# Rate of flow from a bucket with a hole in it.

by jprockbelly
Tags: bucket, flow, hole, rate
 P: 5 1. The problem statement, all variables and given/known data Consider a bucket with a hole, area A, near the base. If the bucket is filled with water to a height h above the hole at what rate will water flow out of the hole? 2. Relevant equations I would guess that the relative equations are the velocity head, v2 = 2*h*g, and the rate of flow, Q = A*v. However I am not sure that this is the correct way to go, as I would have thought that the pressure difference between the water at the base of the bucket and the atmosphere would be important. 3. The attempt at a solution If I am correct this can then be solved as: Q=A*(2*h*g)^0.5, as a volume per second Can anyone tell me if there is another way to do this? {sorry, just realised this should have been postd in the physics, not maths forum}
 P: 37 This is correct.
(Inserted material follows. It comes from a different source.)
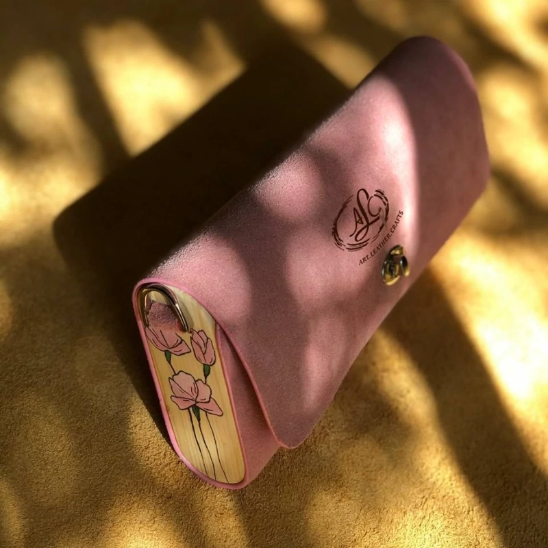 کیف دستی زنانه طرح گل زینتی با قابلیت اضافه کردن بند رودوشی چرم طبیعی گاوی درجه یک تماما دستدوز است که در کناره کیف از چوب نراد طراحی شده توسط تیم چرم خلاق استفاده شده که روی چوب ها نقاشی دست با رنگ آکرولیک کار شده و تمامی چوب ها دارای پوشش نانو ضد آب و خش است.

Although the air pressure is pushing down on the water at the top of the bucket, it is also pushing on the water coming out the hole in bottom. Sort of like it is trying to push the water back up into the bucket. The effect is that these two pressures from the atmosphere cancel out.
Math
Emeritus
No, the "pressure difference between the water at the base of the bucket and the atmosphere" is NOT important. What is important is the pressure at the hole. The water in the bucket under the hole is irrelevant. Also the atmospheric pressure is not important because it is essentially the same at the top of the water and at the hole. On the pressure caused by the weight of the water above the hole is important. If the top of the water is h above the hole, then you have a column of water of volume hA above the hole. Its weight is $g\mu hA$ where $\mu$ is the density of water which, in g/cm3, you can take to be 1. The force at the hole is ghA so the pressure is gh.